EU Agrees To Block Most But Not All Russian Oil
By Stefan J. Bos, Chief International Correspondent Worthy News
BRUSSELS/BUDAPEST (Worthy News) – European Union leaders say they will block most Russian oil imports by the end of 2022 to punish Moscow for invading Ukraine. But the EU embargo will only affect oil that arrives by sea following opposition from Hungary.
After tough negotiations that tested the unity of the European Union, the 27 nation bloc managed to come up with a compromise that limits Russian oil imports. They agreed on an EU-wide ban that will affect oil that arrives by the sea – around two-thirds of imports.

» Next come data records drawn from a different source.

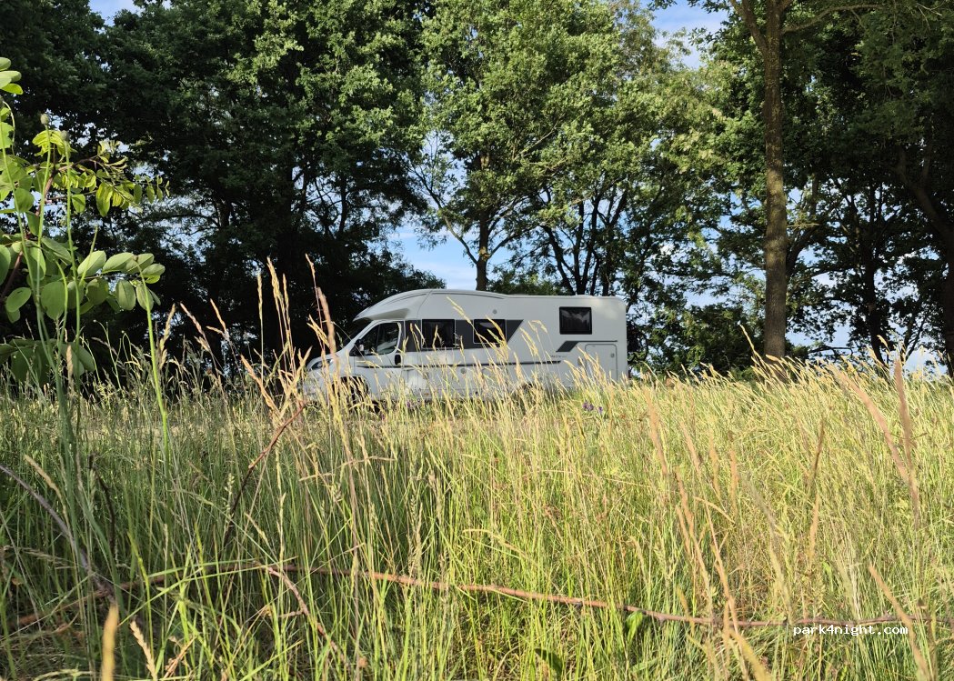 Parking right by the river. Space for two mobile homes. During the night some anglers come.
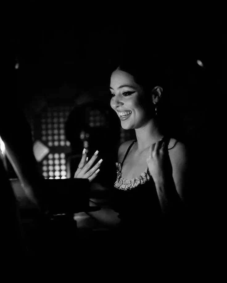 When she finally murmured "You gonna let me in?" her voice was low and almost playful despite the cracks around its edges, brushing past you when you stepped aside so close her arm grazed yours in a way that didn't feel accidental. Leaning against the wall once inside with slow, deliberate eyes meeting yours as she said "I couldn't sleep," a not-quite-explanation that still left the air thick with grief, desire, and that undeniable trouble dressed as temptation.
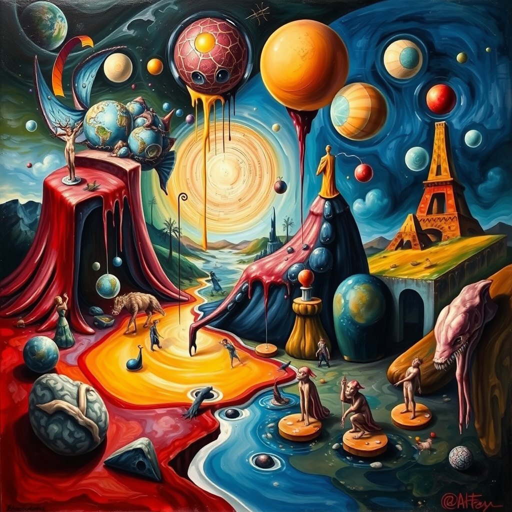 Surrealist painting inspired by Pablo Picasso, featuring striking and bizarre imagery with elements dripping and melting, vibrant colors and abstract forms intertwining, dream-like landscapes merging with distorted figures, an imaginative play of light and shadow creating a sense of fluidity and movement.

Pledges by Poland and Germany to stop importing pipeline oil will eventually raise coverage of the ban to 90 percent of Russian imports. But pipeline oil isn’t included after fierce opposition from Hungary, which is heavily dependent on Russian oil and natural gas supplies.
Yet the president of the EU’s executive European Commission, Ursula von der Leyen, suggested that even this compromise makes it more difficult for Russia to finance its invasion of Ukraine. “I am very glad that the leaders were able to agree in principle on the sixth sanctions package,” she told reporters after the first day of an EU summit in Brussels.
[The European] “Council should now be able to finalize a ban on almost 90 percent of all Russian oil imports by the end of the year. This is an important step forward.”
However, Hungarian Prime Minister Viktor Orbán clarified that his landlocked nation would only support the package if it guaranteed Hungary’s energy security. “It is a good approach. But we need a guarantee that in case of an accident with the pipeline rushing through Ukraine…we have the right to get Russian oil from other sources. So if we get it, then it’s fine [this package],” he added.
He also told journalists that a complete oil embargo would have meant dropping “dropping a nuclear bomb” on the country’s economy, which is already facing inflation and a rapidly declining currency.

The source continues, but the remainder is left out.